A new relationship with animals, nature and each other.

Velociraptor’s Last Dinner


Velociraptor illustration by Brett Booth

Remember those velocipraptors? Smaller and faster than their T-Rex cousins, and with sickle-shaped talons on the second toe of each foot, they’d be just as terrifying if you ran across one … or if she ran across you, using that talon like a switchblade to slash right through you. Now we seem to have some evidence of what they actually ate.

A new study suggests that a velociraptor whose fossil was found in China’s Gobi Desert, was in the middle of eating a flying pterosaur, when she died.
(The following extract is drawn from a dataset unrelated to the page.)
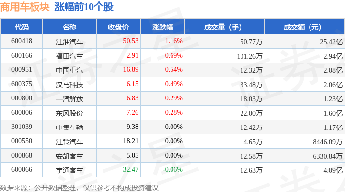 证券之星消息,1月9日商用车板块较上一交易日上涨0.41%,江淮汽车领涨。当日上证指数报收于 4120.43,上涨0.92%。深证成指报收于14120.15,上涨1.15%。商用车板块个股涨跌见下表: | 代码 | 名称 | 收盘价 | 涨跌幅 | 成交量(手) | 成交额(元) | | | --- | --- | --- | --- | --- | --- | --- | | 600418 | 江淮汽车 | 50.53 | 1.16% | 50.77万 | | 25.42 Z | | 600166 | 福田汽车 | 2.91 | 0.69% | 101.26万 | | 2.94亿 | | 000951 | 中国重汽 | 16.89 | 0.54% | 12.32万 | | 2.08亿 | | 600375 | 汉马科技 | 6.15 | 0.49% | 33.48万 | | 2.06亿 | | 000800 | 一汽解放 | 6.83 | 0.29% | 18.03万 | | 1.23亿 | | 600006 | 东风股份 | 7.26 | 0.28% | 22.00万 | | 1.60亿 | | 3010 ...

That’s because a small pterosaur bone was found in the gut of the relatively intact velociraptor.

The pterosaur would have been considerably larger than the velociraptor, and may have already been dead when discovered by the smaller animal.

“It would be difficult and probably even dangerous for the small theropod dinosaur to target a pterosaur with a wingspan of 2 meters [6.5 feet] or more unless the pterosaur was already ill or injured,” study researcher David Hone told Live Science. “So the pterosaur bone we’ve identified in the gut of the Velociraptor was most likely scavenged from a carcass rather than the result of a predatory kill.”


Velociraptor specimen with a pterosaur bone as gut content (black arrows).

Writing on his own blog, Hone said:

As you can see the bone is incredibly thin-walled which is the major reason that it’s inferred to be an azhdarcid pterosaur, though their presence in the Late Cretaceous, including a related formation, and the general absence of other pterosaurs in the Late Cretaceous helps support this identity. Given what is around and the thinness of the bones, it’s pretty unambiguous as indeed is the identification of the dromaeosaur as Velociraptor given that we have basically the whole thing. In short, this is about as convincing a case as one could make that a Velociraptor had eaten an azhdarhid.